We use the word or a form of it often to qualify the concept of love, specifically how we expect to or do feel about our children. Unconditionally—without limitations, absolute.
We use “unconditionally” to express “pure” love, of that between members of our family, those who we are profoundly committed to, no matter what. Loving unconditionally comes from within us. It is a state of mind, a state of being. Unconditionally helps us interpret the external because, while we sometimes can’t control situations, we can control how we feel about them. And how we perceive life through the lens of unconditionally, how we perceive our children, affects how we parent, how we move from the state of mind to the state of being, of action.
Unconditional love is believed to be one of the most important gifts we can give a child. To give unconditional love, parents must do so selflessly—let go of any idea of sacrifice, even though parenting is full of sacrifice, because that notion is conditional.

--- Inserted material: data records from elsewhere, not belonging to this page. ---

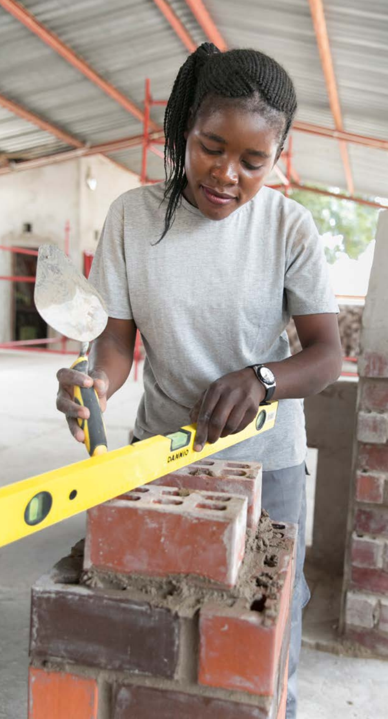
Vocational training in Zambia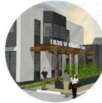
ADAMS GARDEN PARK 1836 W. FOND DU LAC AVE

One MKE Plaza will be home to: Milwaukee's newest boutique hotel, The IKON, Milwaukee's most energetic and mega-productive co-working and enterprise community; The Beehive, a state-of-the-art conference center; representation from Milwaukee's leading corporate partners, and over 20 thriving small businesses.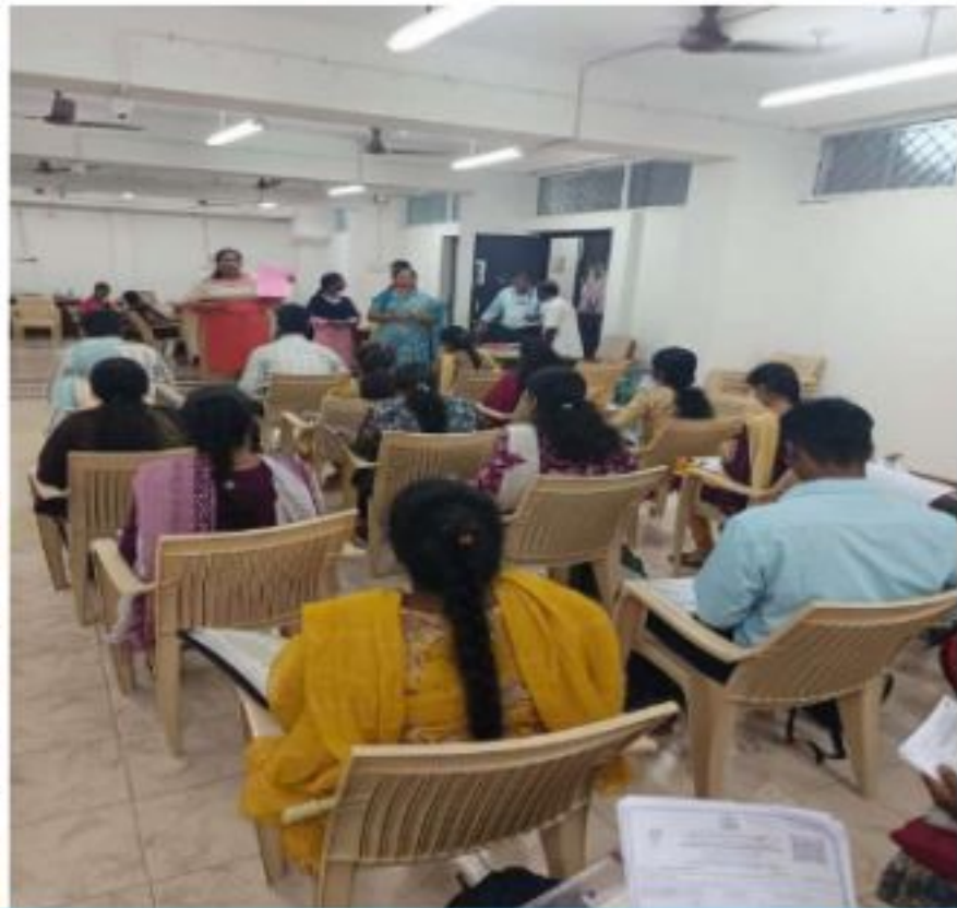
CERTIFICATE VERIFICATION CONDUCTED ON 8.9.2025 (LAB TECHNICIAN GRADE -II)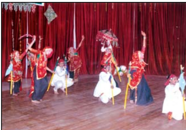
A team performing at DPS Rajkot during Folk Dance Competition

Delhi Public School, Rajkot hosted 'Folks Fun' – Inter DPS Folk Dance Competition (West Zone) on 11th July, 2009. Nine Delhi Public Schools – DPS Ahmedabad (East), DPS Ahmedabad (Bhopal), DPS Gandhinagar, DPS Jodhpur, DPS Udaipur, DPS Navi Mumbai, DPS Surat, DPS Jaipur and the host school DPS Rajkot participated.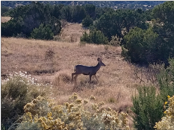
Deer at home in Open Space

bottom photo from a game camera in Open Space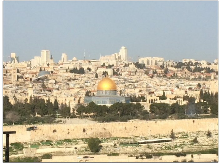
Jerusalem from the Mount of Olives

August 4-16 thirteen people from eight different congregations will be exploring the Biblical theme of Jubilee at Holden Village in the Cascade Mountains of Washington. Watch for our story next month.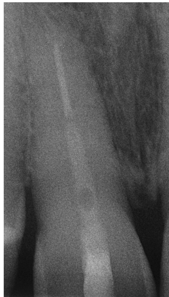
Figure 8 Control radiograph of tooth 11 24 months after replantation.

closure of radicular perforations and other dentine defects in the root [22-24]. Hence, the attempt to repair VRF with MTA has been described previously [4,17-19]. Even though ProRoot MTA has many positive features, it also has several drawbacks: difficult handling, long setting time, possible discoloration if used in the visible crown area, lower compressive and flexural strength than dentine (should not be used as a restorative base) and its high costs [25-28]. Thus, over the last years, several calcium silicate cements comparable to MTA have been presented, which can be used as endodontic repair material. One of these materials is Biodentine. It is a bioactive cement mainly consisting of tri- and dicalcium-silicate. When using Biodentine in the repair of VRF it may have some advantages compared to MTA. At first the initial setting time is about 15 min [28,29]. Even though Grech et al. evaluated the definite setting time of Biodentine to be 45 min (according to ISO 9917-1:2007) [30], this is much faster than the mean setting time for ProRoot MTA with 165 \pm 5 min [31]. Fast setting time is important for the suggested treatment option to keep the extraoral time short to avoid drying of the PDL cells and to provide a resistant filling when replanting the tooth.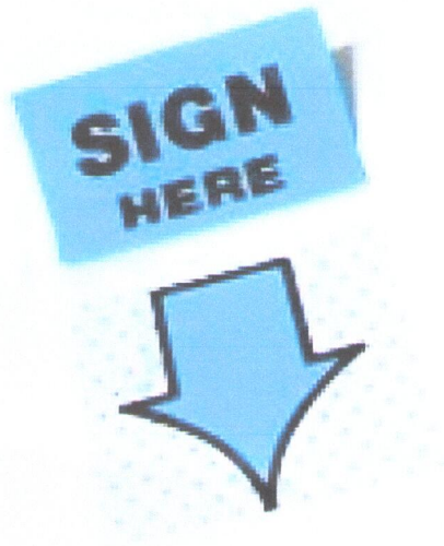
Marker Stickers Pointing to Signature Lines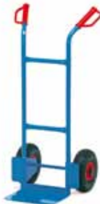
B 1125 L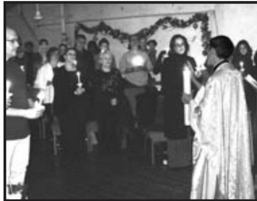
Christmas Eve congregation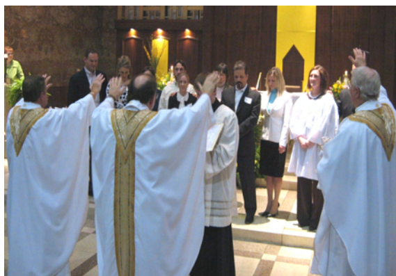
Laying on of Hands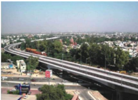
Fig 14: Barapullah Corridor (upto J N Stadium in Phase 1)

The alignment which is along Barapula Nala drain collects the discharges of other internal, peripheral and trunk drains to further discharge its contents-1,25,000 Kid of domestic sewage into the Yamuna.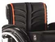
EXO PRO backrest sling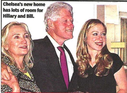
Chelsea's new home has lots of room for Hillary and Bill.

http://www.nydailynews.com/life-style/real-estate/madison-sq-park-condo-attracts-big-names-chelsea-clinton-article-1.1324579?localLinksEnabled=false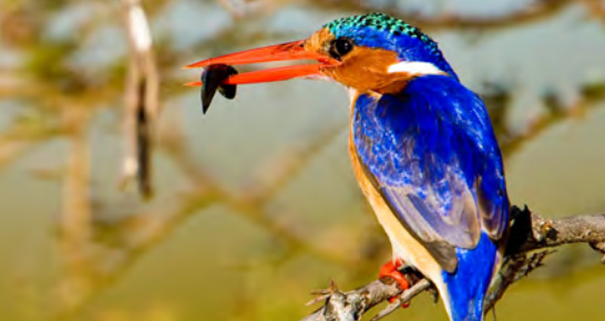
The jewel-toned Malachite Kingfisher enjoying breakfast.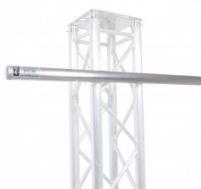
40 inch Truss Mounting Pole Extension Pole for Mounting Stage Lighting and more SKU: XT-DC40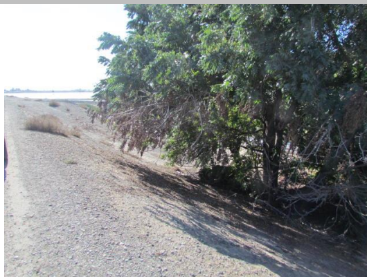
Looking southwest at low hanging tree branches at landside toe.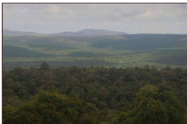
The Loita landscape

Only by respecting and nurturing their relationship with the diversity found in nature can Loita Maasai communities promote harmony and good health to both humans and their natural environment.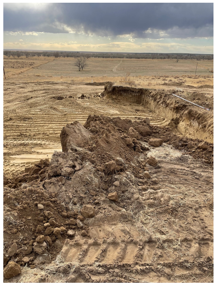
Early earthwork - Photo by Wayne Harris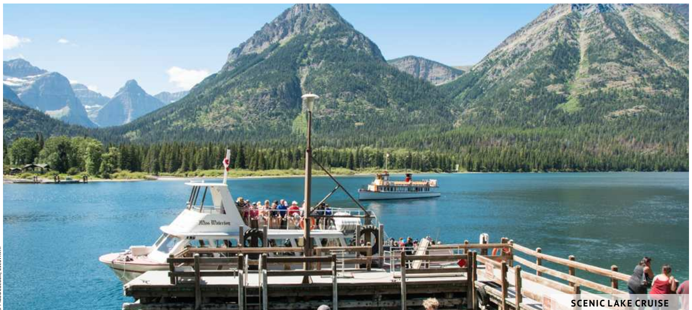
SCENIC LAKE CRUISE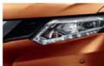
Copper Blaze - M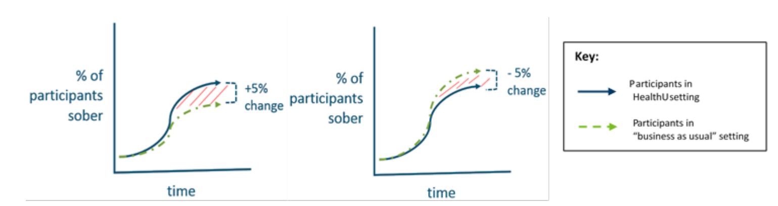
Figure 2 and 3: HealthU impact on sobriety compared to business-as-usual

Tracking both the people who participated in HealthU and those who participated in business-as-usual changes how we think about the program's success. Figure 2 shows the impact on sobriety is smaller, though still positive. Figure 3, however, shows participants would have been better off without HealthU. In this way, an impact evaluation helps us understand a program's actual effects on outcomes of interest. This information can be used by policymakers to improve the quality of Minnesota's offerings.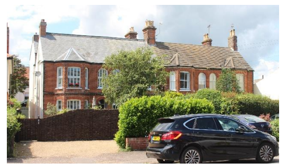
Nos.32-38 (even) Stradbroke Road

Nos.20 & 22 Stradbroke Road (Positive Unlisted Buildings). A pair of substantial semidetached houses which appear on a dated photograph of 1893 preserved in the Southwold Museum collection which was taken from the lighthouse. Red brick with red pan tile roofs (possibly replacing Welsh slate). Retaining their original horned fourlight plate-glass sashes to their principal façade. Each house is of three bays with a central doorway flanked by full height canted bay windows. Red brick ridge stacks. Set back some distance from the road within mature leafy gardens. Mid twentieth century red brick gate piers to Stradbroke Road.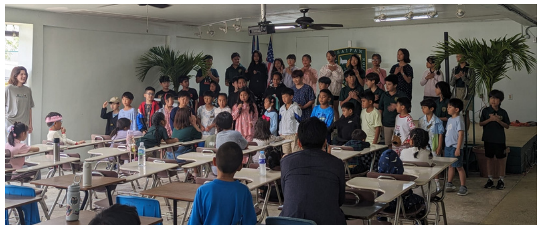
1st & 2nd and 5th & 6th Grade students sing "A Gift to You" for Special Music during Friday Chapel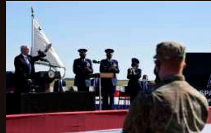
Vice President Mike Pence gives remarks at a ceremony for the renaming of two Department of the Air Force installations on Dec. 9, 2020, at Cape Canaveral Space Force Station, Fla.

The 45th Space Wing is the military command responsible for all government and commercial space launches on the east coast of the U.S., and was officially designated in 1991. Its history, however, dates back to 1949 when it was known as the Air Force Division, Joint Long-Range Proving Ground. Despite the ceremony, Space Force officials emphasized that until final decisions are made relating to Space Force installations, and official transfers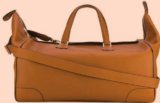
PORTOFINO TRAVEL HOLDALL by VALEXTRA £3,110 hostem.co.uk 28 Old Nichol St, E2 7HR

This season's hand-picked pieces from our favourite independent stores in Shoreditch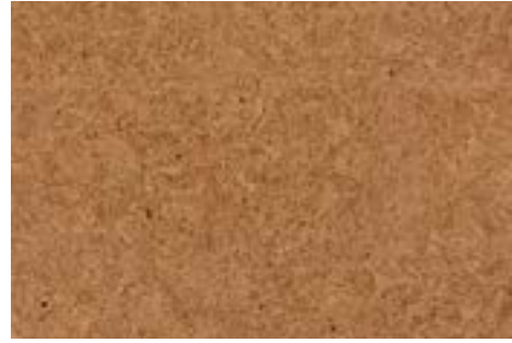
Cayman RY56001 - 600 x 300 x 3,0mm Finishing: Wax

The blended design of Cayman was created to infuse a warm touch of natural serenity into interior decors. The small organic forms of cork, appeal to our senses and capture the cosy essence of nature.

Sometimes, there is a layer of conditional love attached to adoption because of what parents have experienced or are currently experiencing on their parenting journey. Children, with their amazing radar detectors, feel the difference. To give selfishly can put guilt upon the shoulders of a child, expecting them to feel gratitude for what you’ve done for them. Is that what a parent wants, their child to feel grateful for having been adopted?
Food for Thought: When you think of the concept of unconditionally, what thoughts come to you? What do you feel when you shift to the mindset of unconditionally? How can you bring more unconditionally into your life, especially in loving your child? You’ve adopted; how does that impact unconditionally for you?